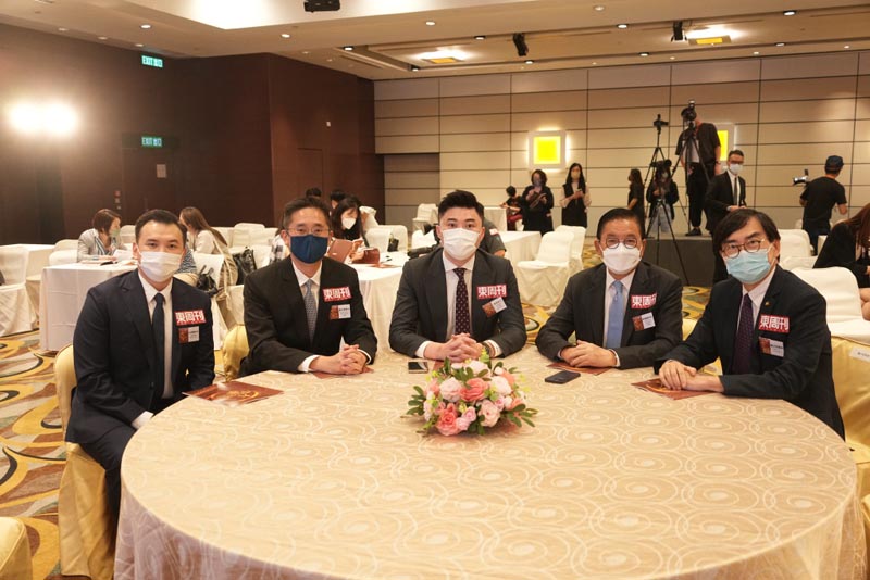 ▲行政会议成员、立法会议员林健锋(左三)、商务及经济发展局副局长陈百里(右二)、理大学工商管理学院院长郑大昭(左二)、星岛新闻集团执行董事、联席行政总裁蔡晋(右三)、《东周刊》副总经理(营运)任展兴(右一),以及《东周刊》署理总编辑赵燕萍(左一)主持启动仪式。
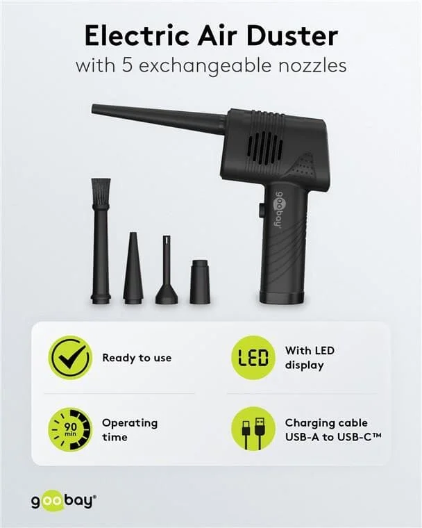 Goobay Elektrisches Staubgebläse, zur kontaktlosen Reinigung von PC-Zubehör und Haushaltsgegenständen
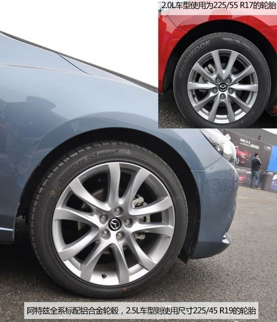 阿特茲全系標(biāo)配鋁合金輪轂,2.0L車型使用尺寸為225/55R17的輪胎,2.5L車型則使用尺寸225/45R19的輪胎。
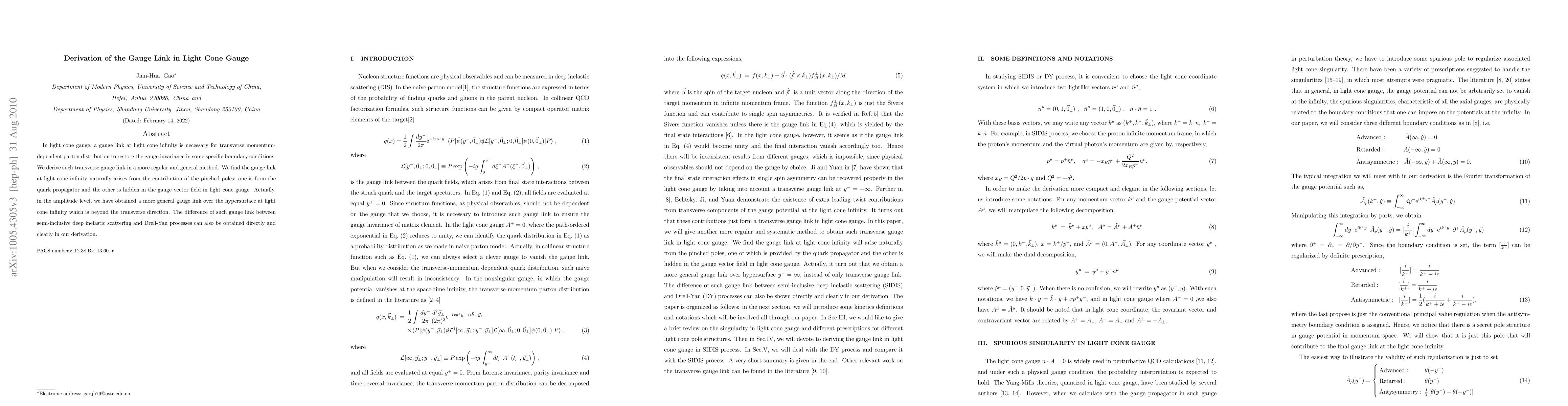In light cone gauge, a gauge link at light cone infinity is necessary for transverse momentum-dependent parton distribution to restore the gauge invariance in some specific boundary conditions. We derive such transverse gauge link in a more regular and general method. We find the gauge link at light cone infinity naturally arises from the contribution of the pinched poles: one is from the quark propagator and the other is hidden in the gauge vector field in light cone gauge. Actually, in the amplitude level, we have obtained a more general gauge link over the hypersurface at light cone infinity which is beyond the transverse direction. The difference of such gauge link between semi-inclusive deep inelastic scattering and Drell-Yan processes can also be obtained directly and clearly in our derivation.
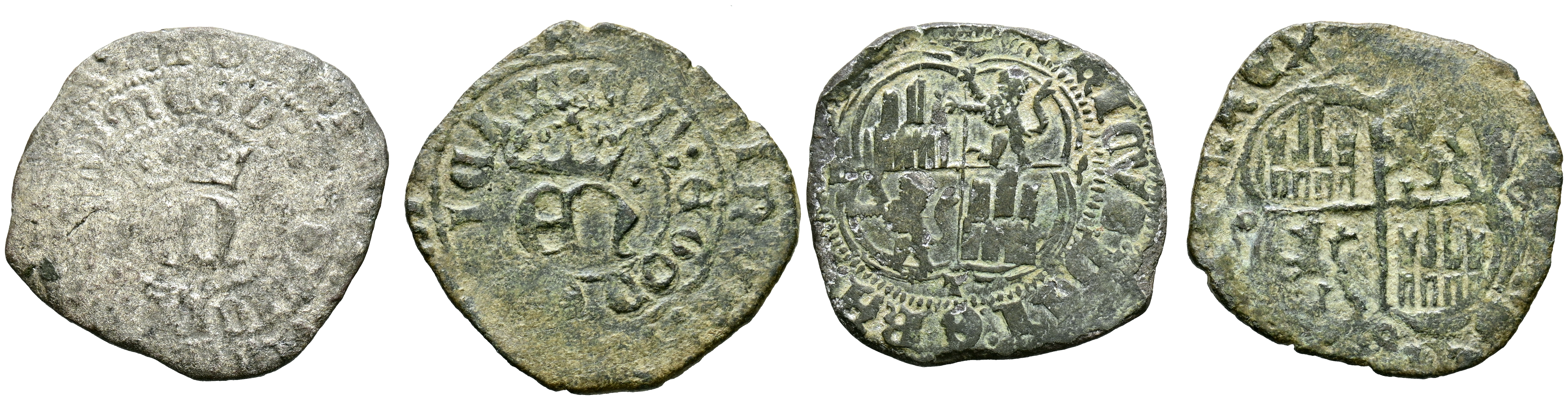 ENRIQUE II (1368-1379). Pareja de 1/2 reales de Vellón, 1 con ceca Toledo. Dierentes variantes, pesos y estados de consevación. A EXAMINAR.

• **EXERCISE BRIEF**: Exact repeats of the lines from the first one in the data through the line containing "阿特茲全系標(biāo)配鋁" make up the answer. Pictures do not.

• **RESULT**:
 ▲行政会议成员、立法会议员林健锋(左三)、商务及经济发展局副局长陈百里(右二)、理大学工商管理学院院长郑大昭(左二)、星岛新闻集团执行董事、联席行政总裁蔡晋(右三)、《东周刊》副总经理(营运)任展兴(右一),以及《东周刊》署理总编辑赵燕萍(左一)主持启动仪式。
 Goobay Elektrisches Staubgebläse, zur kontaktlosen Reinigung von PC-Zubehör und Haushaltsgegenständen
 阿特茲全系標(biāo)配鋁合金輪轂,2.0L車型使用尺寸為225/55R17的輪胎,2.5L車型則使用尺寸225/45R19的輪胎。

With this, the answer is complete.